The next day I was sitting in a meeting, and I got a text from my friend. She was a friend I had met in rehab several years ago in Pasadena. We had had one evening together about a month ago. The text read: “Call me please, we need to talk.” I walked down the street during the cigarette break and called her. I assumed it was going to be her telling me she had relapsed or was in trouble somehow. Her voice was weak, and she just said: “I’m pregnant.”
I experienced several odd coincidences involving Georgia O’Keefe over the next couple of weeks. First, was a painting of hers that hung in my Aunt’s bathroom. I remember looking at it one morning. It depicted great big sunflowers. I went to a meeting that morning and there was a patch of sunflowers next to where people smoked. I hadn’t noticed them before. An old lady walked up to me and inexplicably said “See those flowers? They remind me of a Georgia O’Keefe painting.”
I thought “Are you serious right now?”
Some weeks later a friend and I were sitting in her therapist’s house having a “session” about the pregnancy and where we were at in the decision process. I looked over on the far wall, and there it was- a Georgia O’Keefe painting. Sunflowers.
I now have a daughter and over three years of sobriety. Very rarely does the compulsion to drink or use come back. When it does, it is supplanted by an immense experience from which I draw very much gratitude and perspective.
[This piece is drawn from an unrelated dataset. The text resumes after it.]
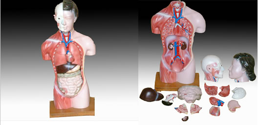 這是一款女性軀干模型,含15件內臟:軀干,頭(2件),腦,肺(2件),心(2件),胃,肝,胰和脾,腎,腸和女性生殖器官(2件)。用PVC制成,安放于塑料座上。尺寸:42 CM。

How did I stay sober through it all?
How do I stay sober now?
I can’t say precisely what it is. I’m not a religious person, but some things I just do because other people did them and because if nothing else they are explicit reminders or exercises of humility and gratitude- I thank “God” every day at some point, very briefly I say out loud- “God, thank you for another day sober.”
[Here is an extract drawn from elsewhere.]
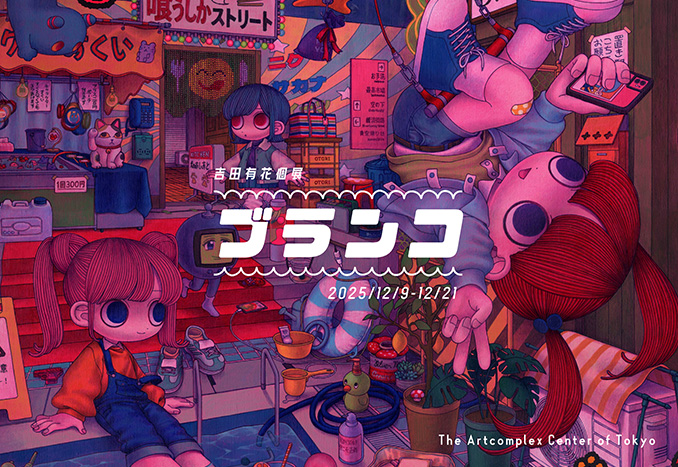 吉田有花個展「ブランコ」 私が描き続けているのは、現実の風景と空想の断片が入り混じり、見えない奥へと続く路地のように広がっていくひとつの「世界」です。 そこには、人の気配や感情が滲む暮らしのかけらが息づき、まだ語られていない記憶や想いが、街の隙間にひっそりと宿っています。 残された傘や敷かれた座布団、貼り紙の文字や手描きのメモ。 そうした小さな痕跡は、そこで暮らす人々の生活や感情を静かに物語ります。 そして、世界を彩るマゼンタの色は、人の内側に静かに流れる温度を映し、現実と空想の境界をふっと浮かび上がらせるでしょう。 こうした世界の街や住人を描き留めることは、 暮らしの断片を人の記憶という未来へそっと残すための、小さな保存の試みです。 同時に、それらひとつひとつに目を向け続けたいという私自身のささやかな願いでもあります。 今回の展示空間は、そんな世界へのひとつの入口です。 街の奥行きや見えない部分をすくい取りながら、ときに現実から「ブランコ」のようにふんわりと浮かぶ瞬間を含んだ情景を並べています。 もしこの場を訪れた方の心の中に、新しい記憶や空想が芽生えるならば、作品たちはその人の中で生き続けるでしょう。 ぜひご自身の暮らしや記憶を重ねながら、街を歩くように、この世界を旅していただければ幸いです。 ■開催期間 2025年12月9日(火) - 12月21日(日) ■開催時間 11:00-19:00 最終日は17:00まで ■入場無料 月曜休館 ■会場:The Artcomplex Center of Tokyo 東京都新宿区大京町12-9 2F ACT1 ![]() ※オンラインショップは初日17時より販売開始いたします。 【プロフィール】 吉田有花 Yuka Yoshida 1996年生まれ。京都府在住。嵯峨美術大学短期大学部美術学科コミックアート分野卒業。 物事の中で対極する2つの要素が混在する街を舞台に、生活空間や人間性を、主にマゼンタの色調で描いています。 X: https://twitter.com/yoshiochan04 instagram : https://www.instagram.com/yukayoshida4/ 【個展】 2017 「ヒューズ」/ The Artcomplex Center of Tokyo / 東京 2018 「ボケムシの目」/ The Artcomplex Center of Tokyo / 東京 2019 「虫の目-BUG EYES-」/ 靜月 Moon of Silence / 香港 「気楽な溶け方」/ The Artcomplex Center of Tokyo / 東京 2020 「愛らしい人」/ The Artcomplex Center of Tokyo / 東京 2021 「生活に夢中」/ SUNABA GALLERY / 大阪 「夢現ダンジョン」/ 自主企画オンライン個展 「ユウユウヂテキ」/ みうらじろうギャラリーbis / 東京 「けんこう」/ The Artcomplex Center of Tokyo / 東京 2022 「おあしす」/ みうらじろうギャラリーbis / 東京 「デンキムロ」/ The Artcomplex Center of Tokyo / 東京 2023 「このままの世界」/ みうらじろうギャラリーbis / 東京 「窓の外」/ SUNABA GALLERY / 大阪 「ぼんやりとユーモアと」/ The Artcomplex Center of Tokyo / 東京 2024 「個人展」/ みうらじろうギャラリーbis / 東京 「One's own Planet」/ 秋刀魚藝術中心 Fish Art Center / 台湾 2025 「ワンダラーズ」/ The Artcomplex Center of Tokyo / 東京 「まどろみと暮らす」/ SUNABA GALLERY / 大阪 「個人展2」/ みうらじろうギャラリーbis / 東京 【グループ展】 2017 「ひなまつり*展 2017」/ondo_tosabori / 大阪 「揺らぎの中のせいとし展」/ 創治朗 / 兵庫 「あたらしい家展」/ 嵯峨美術大学 付属ギャラリー / 京都 2018 「ひなまつり*展 2018」/ ondo STAY&EXHIBITION / 東京 「RGB展」/ AAA GALLERY / 神奈川 「ACT 小品展 2018」/ The Artcomplex Center of Tokyo / 東京 「嗜眠病院」/ ぎゃらりぃ あと / 大阪 「cells -illustration- vol.4」/ DESIGN FESTA GALLERY WEST / 東京 2019 「cells -illustration- vol.8」/ DESIGN FESTA GALLERY WEST / 東京 「吉田有花+ある紗 二人展 区区」/ SUNABA GALLERY / 大阪 「ACT 小品展 2019」/ The Artcomplex Center of Tokyo / 東京 「日本の祭り展」/ 嵯峨美術大学 付属ギャラリー / 京都 「純粋キャラクター批判U」/ SUNABA GALLERY / 大阪 2020 「2020 年明け作品展」/ The Artcomplex Center of Tokyo / 東京 「REMEMBER 〜あの頃〜」/ The Artcomplex Center of Tokyo / 東京 「ACT 小品展 2020」/ The Artcomplex Center of Tokyo / 東京 「裏kawaii」/ SUNABA GALLERY / 大阪 2021 「新春展 2021」/ The Artcomplex Center of Tokyo / 東京 「MyDrawing8」/ The Artcomplex Center of Tokyo / 東京 「ACT 小品展 2021」/ The Artcomplex Center of Tokyo / 東京 「From the 1990s.」/ The Artcomplex Center of Tokyo / 東京 「formation」/ 新宿眼科画廊 / 東京 「冬の小作品展」/ SUNABA GALLERY / 大阪 2022 「Mydrawing 10」/ The Artcomplex Center of Tokyo / 東京 「JAPAN MODERN ART EXHIBITION」/ 333 Gallery / 台湾 「ACT 小品展 2022」/ The Artcomplex Center of Tokyo / 東京 「神戸アートマルシェ2022」/ 神戸メリケンパークオリエンタルホテル / 神戸 「SMILE」/ SUNABA GALLERY / 大阪 「ACT15周年記念展」/ The Artcomplex Center of Tokyo / 東京 2023 「ポストkawaii Y」/ SUNABA GALLERY / 大阪 「あざやかなる道標2」/ みうらじろうギャラリーbis / 東京 「ACT 小品展 2023」/ The Artcomplex Center of Tokyo / 東京 2024 「ACT 新春小品展 2024」/ The Artcomplex Center of Tokyo / 東京 「あざやかなる道標3」/ みうらじろうギャラリーbis / 東京 「こわれてない家」/ The Artcomplex Center of Tokyo / 東京 「ACT小品展2024」/ The Artcomplex Center of Tokyo / 東京 「ポストKawaii : ハ

Do I think “God” is real or is listening to me? I’m not sure I believe either, but I do it because why not? My not drinking is so much more important than my being “right”. I also talk to other alcoholics at least on a weekly basis.
I do smoke cigarettes still and drink sugar-free energy drinks like they are diet cokes….but whatever.
I hope this is helpful to someone. You CAN stop using or drinking and you never know when that day will come or what is right around the corner if you do.